As compensation for the services to be performed by Employee hereunder,
Employer agrees to pay to Employee, and Employee agrees to accept, the
following:
(a) Salary.
Employee or his assigns shall receive an initial Salary at the rate of $60,000
per year, paid in monthly amounts of $5,000 less applicable payroll deductions
required by law. The initial Salary will be fixed for a period of six months
after which time Salary may be adjusted depending on the Company's performance
and financial position.
(b)
Initial Stock
Bonus. Employee shall
be due 500,000 shares of 30DC 144 restricted common stock on the effective date
of this agreement which shall be issued to Employee within 15 days of signing
this agreement.
(c)
Incentive
Compensation. In
addition to Employee's Salary, Employee shall receive future incentive
compensation to be defined later by the Employers Board of Directors including
participation in any Employer Stock Option Plan:
(d)
Employee Benefits. In addition to Employee's Salary and
Incentive Compensation, Employer shall make available to Employee, during the
term hereof:
(i) Participation in any plans
from time to time generally offered to Employer's employees with respect to
group health, life, accident and disability insurance or payment plans or
similar employee benefits, if any.
(ii) Three (3) weeks paid annual
vacation, as well as paid holidays and other fringe benefits regularly provided
to Employees of Employer; and
(iii) Reimbursement for reasonable
and necessary business expenses in accordance with Employer's policies.

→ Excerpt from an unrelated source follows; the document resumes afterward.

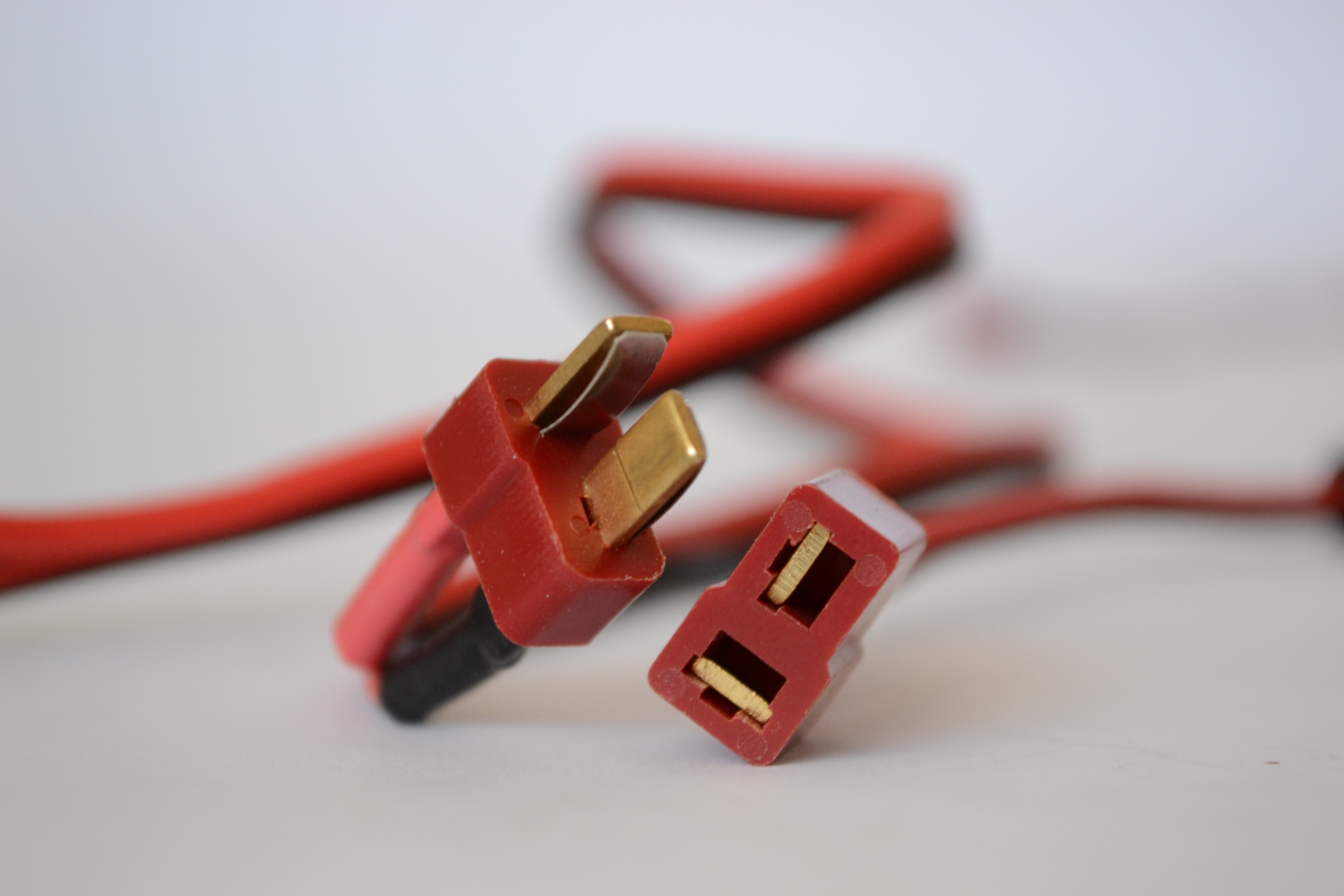 Famous conector used in RC cars. Deans ultra plug

3. Term and Nature of Relationship. Employee's employment hereunder shall commence on the Closing Date and continue for 12 months from the commencement date.
4. Termination.
(a) Termination
by Employer with Cause. Employer may terminate Employee's employment with
"cause" as hereafter defined in this Section 4(a) upon 5 days' written notice.
"Cause" for purposes of Sections 4(a) and 4(b) means Employee's: (i)
conviction of, or indictment for, criminal negligence or criminal acts in the
work place, (ii) violation of Employer policies or procedures that have been
made known to Employee provided Employee has not cured such violation within 10
business days after receiving written notice of violation from Employer, (iii)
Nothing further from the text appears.